He can shoot. And he can score. And he has range. He can be a nice (very nice) fit on the triangle. Now, if only he was a better defender and passer, he would be a marvel of a PF in this system...


----------



## Bartholomew Hunt (Mar 4, 2003)

Let's stop overrating Kwame's defense. He is good right under the basket. That's it. Not because of his skills, but his body. A guy with his athleticism and wingspan should be swatting shots left and right. Instead he just stands there like a statue and raises his arms. Start Cook. We'll be better off.


----------



## Jamel Irief (May 19, 2002)

Didn't we have a "who start, Kwame or Cook?" thread when Kwame came back from injury?

Personally I never felt Kwame earned his spot back, it was just given to him.


----------



## The One (Jul 10, 2005)

Bartholomew Hunt said:


> Cook should start over Kwame, no doubt about it. We sorely need a guy who can hit a jump shot on the floor.


Yeah, Kwame's best game was when he was coming off the bench for us so it is a win win decision to start Cook.


----------



## ceejaynj (Oct 9, 2005)

I would rather see Cookie on the floor than Kwame. However, I can't wait to see Ronny!


----------



## Tyrellaphonte (Feb 21, 2004)

we need to trade odom, thats wat we need to do


----------



## Bartholomew Hunt (Mar 4, 2003)

I know we're past the bump phase, but damn we have come a long ways.


----------



## Damian Necronamous (Jun 10, 2002)

Cook really did used to be a valuable player when he could knock down his outside shot with some consistency.


----------



## Piolo_Pascual (Sep 13, 2006)

HuntDizzle said:


> P.S. - Cookie - KEEP SHOOTING!
> 
> Werd.


werd?


----------



## Tyrellaphonte (Feb 21, 2004)

Teezy said:


> we need to trade odom, thats wat we need to do


we need to re-sign odom, thats wat we need to do


----------



## DANNY (Aug 9, 2005)

I miss the pick and pop!


----------



## roux (Jun 20, 2006)

Seeing thread about high hopes of a guy like brian cook makes me scared of the bucks resigning sessions long term, sometimes you forget about how sexy a player can look for a short period of time and then never hear from them again


----------



## Drk Element (Nov 10, 2004)

He had some clean 3's.


----------



## Tyrellaphonte (Feb 21, 2004)

roux2dope said:


> Seeing thread about high hopes of a guy like brian cook makes me scared of the bucks resigning sessions long term, sometimes you forget about how sexy a player can look for a short period of time and then never hear from them again


i wouldnt be that worried dogg.. This short period of time that cook was good was 2 days..


----------



## jazzy1 (Jul 16, 2002)

I didn't know there was this much puff puff pass going on in here. The whole thread was ridiculous lol


----------



## GNG (Aug 17, 2002)

Shady* said:


> 55 combined points in two games. He got his career high in the first, and almost matched it in the second. He's a great shooter as well. Is he the second scoring option we've been looking for?
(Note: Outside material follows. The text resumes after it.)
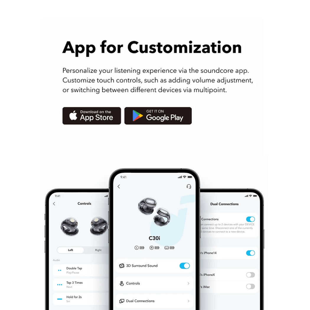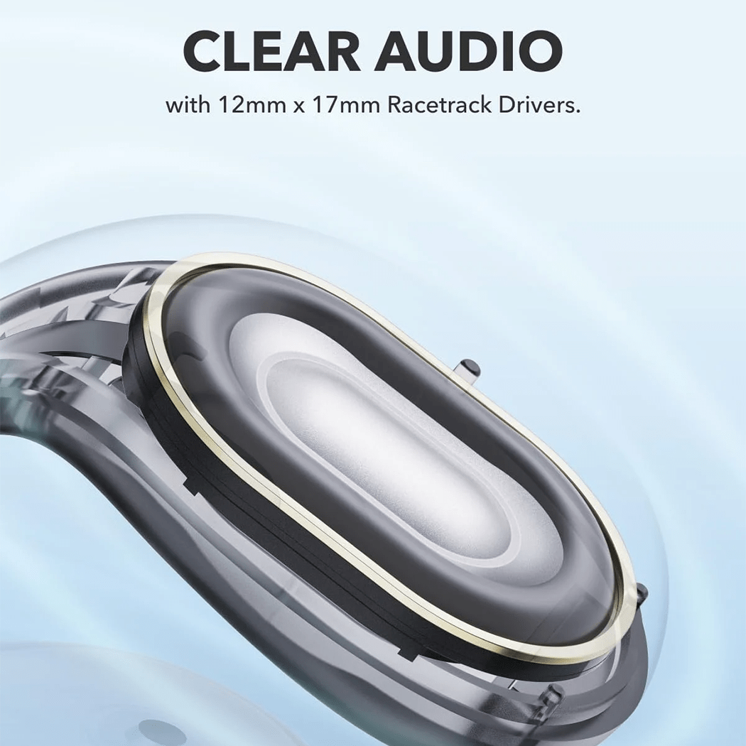 - Clear Audio : soundcore C30i boasts expansive 12mm × 17mm racetrack drivers. Coupled with a titanium-coated diaphragm, you can enjoy clear audio, even with open-ear listening.

Three years later, and he's (generously) one of the 10 worst players in the league.


----------



## gi0rdun (May 31, 2007)

Can someone move this thread over to the Rockets forum?


----------



## Ghiman (May 19, 2003)

One of our many low points as laker fans


----------



## Cris (Jun 18, 2003)

No More Bumps!

If someone wants to create a thread that combines all of these thread links. I am not opposed to that, but stop bumping these types of threads.


----------